Ranking metrics: pitfalls and best practices

Positional discount in ranking metrics creates subtle complexities. Parameters like K values and relevance levels significantly impact model training and evaluation, requiring careful consideration. This post explores how metrics like MRR and NDCG handle position-based discounting and examines common pitfalls in their practical implementation.
ML
Learning-to-rank
Author

Hongsup Shin

Published

February 8, 2025

Code
import numpy as np
import matplotlib.pyplot as plt
%matplotlib inline
%config InlineBackend.figure_format='retina'
plt.style.use('ggplot')

Ranking is everywhere. When you search for products online or scroll through your social media feed, you’re interacting with ranking systems. Unlike classification where we simply predict a category, ranking requires ordering items by their relevance or importance. This fundamental difference requires specific metrics so-called information retrieval (IR) metrics that capture nuanced aspects of ranking quality. Choosing the right ranking metric requires good understanding of reward, discount, and normalization of ranking metrics. In this post, we will discuss mathematical properties of various ranking metrics, focusing on common pitfalls in practice and how to address them. Let’s start with some basics.

Why ranking is different

A good way to understand ranking is to compare it against classification. Let’s say we have a dataset with three relevance grades: excellent, good, and mediocre. We can train a multi-class classifier to predict the probability of a sample belonging to each grade. In learning-to-rank (LTR) framework, this is called point-wise ranking approach. However, at the core, ranking is about understanding relative relationship among different samples, and thus, more preferred LTR models take pair-wise or list-wise approach.

This consideration of multi-sample comparison is related to how LTR is used in practice.
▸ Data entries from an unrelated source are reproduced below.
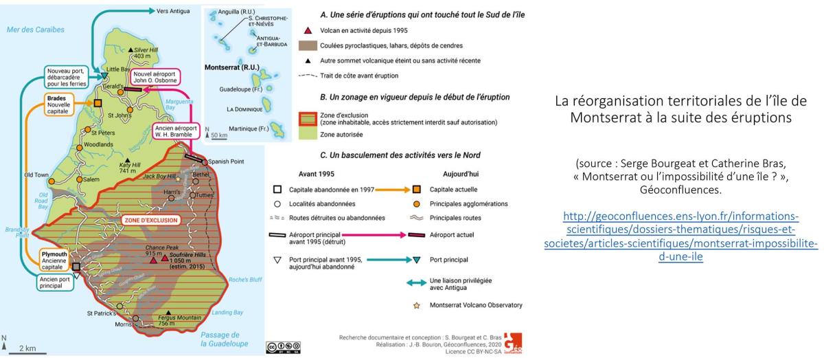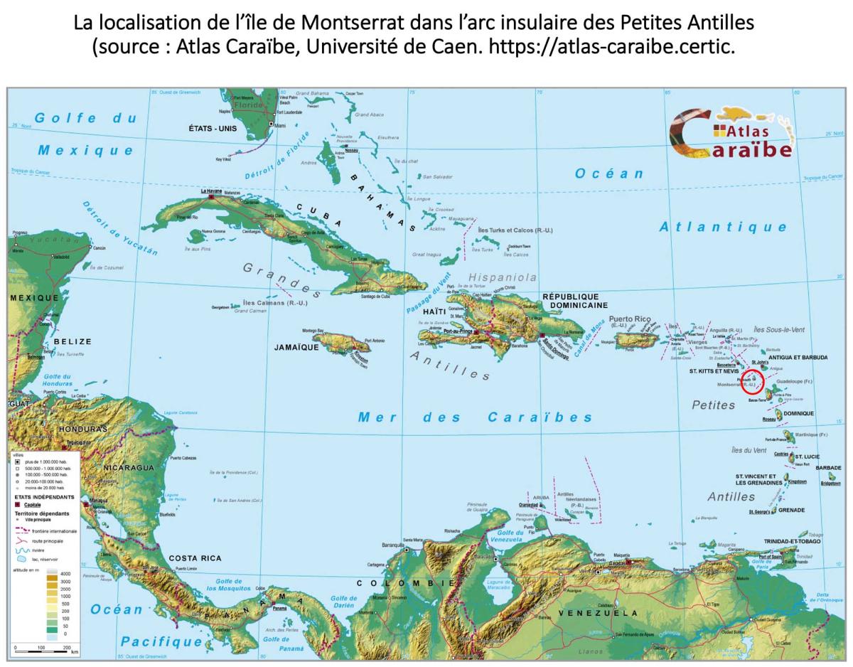 Découverte en 1493 et prise par les britanniques en 1632, Montserrat est aujourd’hui un territoire d’outre- mer britannique des petites Antilles situé entre la Guadeloupe et Antigua. L’île est à l’image des petites Antilles de par son caractère volcanique, ses aménités paysagères - forêts tropicales, plages de sable noir, massif volcaniques … - et touristiques, sa forte exiguïté (102 km2) et la confrontation aux risques, tant telluriques que climatiques (cyclones). Ces éléments sont décisifs pour comprendre les dynamiques environnementales à l’œuvre et prendre en compte l’état et l’évolution de son organisation territoriale. Ainsi, les éruptions survenues entre 1995 et 1997 ont fortement touché le sud de l’île, impactant sa population, ses activités et son organisation par une reterritorialisation au Nord de l’île et le développement d’une nouvelle forme de tourisme.
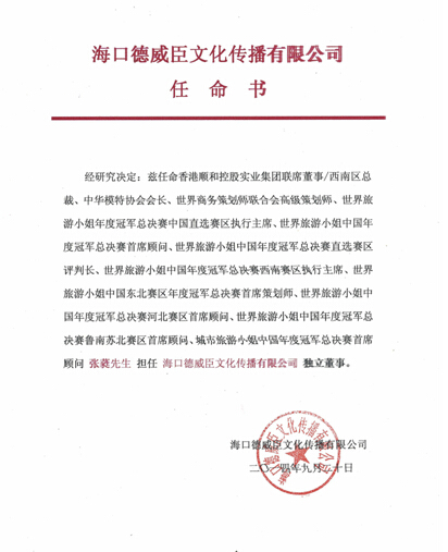 海口德威臣文化传播有限公司任命书
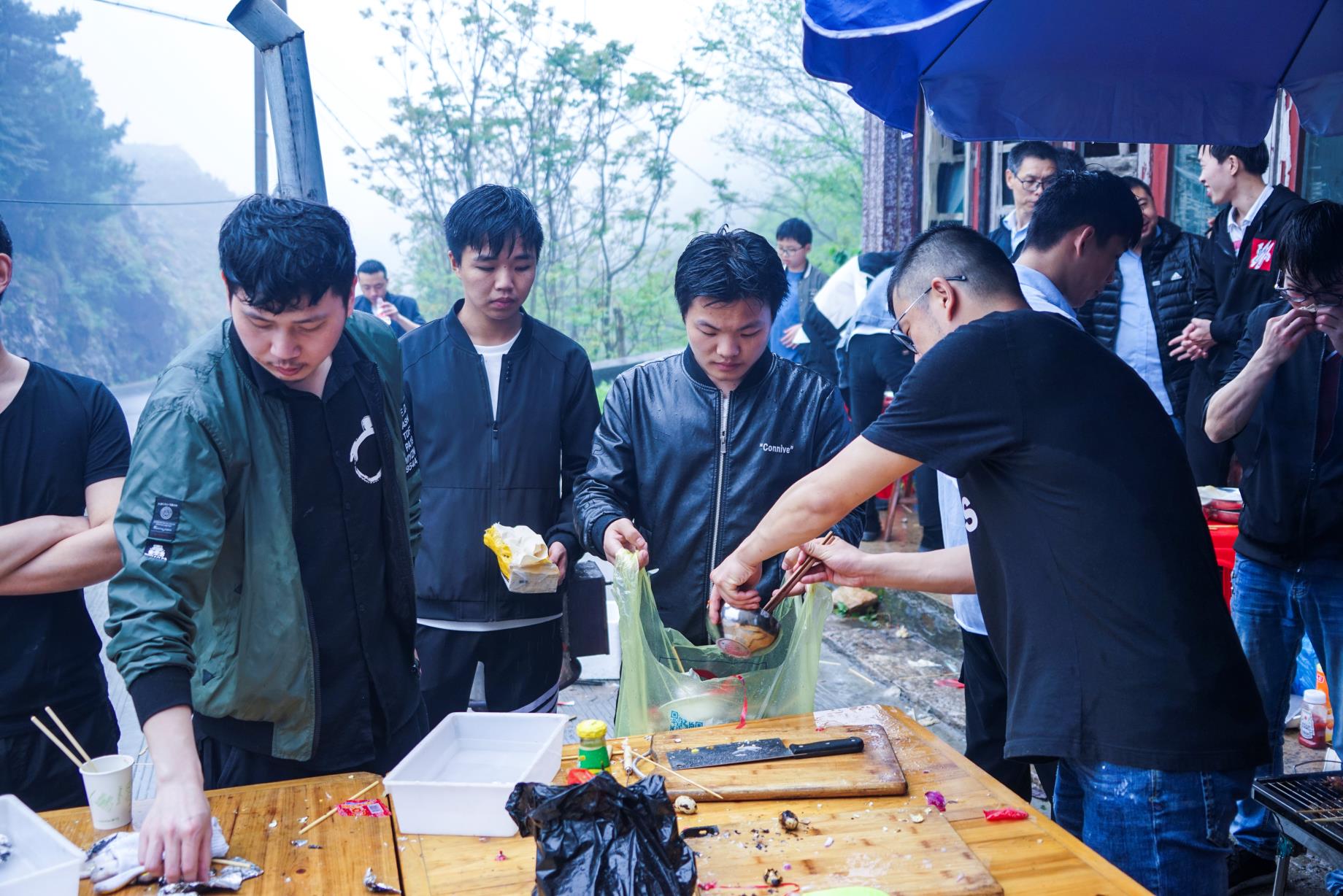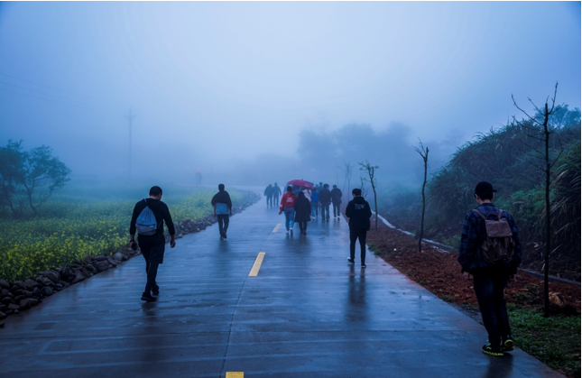 在各組成員吃飽喝足充滿能量之后 ,開始了此次活動(dòng)最高潮部分——暴走。在開始暴走之前,參加暴走的全體成員在自行車協(xié)會(huì)牌前集合進(jìn)行了合影留念,之后開始了暴走活動(dòng)。天氣依然是跟早上一樣,三米開外的地方,似乎什么都看不清了,天空中也下著蒙蒙細(xì)雨,但一點(diǎn)也不影響我們的心情。大家一邊歡快地聊著天,一邊向上地攀登者。享受著霧蒙蒙的風(fēng)景,在這詩(shī)情畫意中繼續(xù)著。很快我們從平坦的水泥路轉(zhuǎn)到了泥濘的山路中。疊翠的峰巒、茂密的森林和曲折盤旋的山路讓我們不禁陶醉其中,盡情領(lǐng)略大自然的風(fēng)情。各個(gè)部門之間都彼此相互鼓勵(lì)、相互協(xié)助,不斷挑戰(zhàn)著自己。

When retrieving relevant documents or optimizing search query, we work with multiple queries. This means, we want to generalize the model to learn the relative importance of samples across multiple datasets. This is why a typical LTR dataset contains a group variable that indicates group or query membership. This also means that in some groups, we might not always have all relevance labels. For instance, in the three-grade example, we might have a query group where we only have samples that belong to “excellent” and “mediocre”, without the “good” grade. A classifier will complain about this but LTR optimization loss can naturally handle this.

Finally and most importantly, ranking deals with positional bias. We can train a model that optimizes the ranking of all items in a dataset, but in practice, we normally care about the small minority at the top (i.e., top K). This leads to more complex use cases and metrics such as whether only the top first item matters or top 10 items, or how we penalize model when it makes errors. Related to this, compared to classification, partial correctness exists in ranking systems. Even when model prediction does not result in a perfect ranking, loss can be computed by considering how far it is from the ideal ranking.

Mean reciprocal rank (MRR)

Ranking metrics are naturally designed to digest the positional information (ranks) of relevant items retrieved. Mean reciprocal rank (MRR) is a good example where the metric is solely computed by ranks. Mathematically, MRR is defined as:

\[ \text{MRR} = \frac{1}{|Q|} \sum_{i=1}^{|Q|} \frac{1}{\text{rank}_i} \]

where \(\text{rank}_i\) refers to the rank of the first relevant item of \(i\)th query from a set of queries, \(Q\). In other words, MRR is the inverse of the harmonic mean of ranks of the first relevant items. This also indicates that MRR’s focus is a single item, not the overall quality of ranking of an array.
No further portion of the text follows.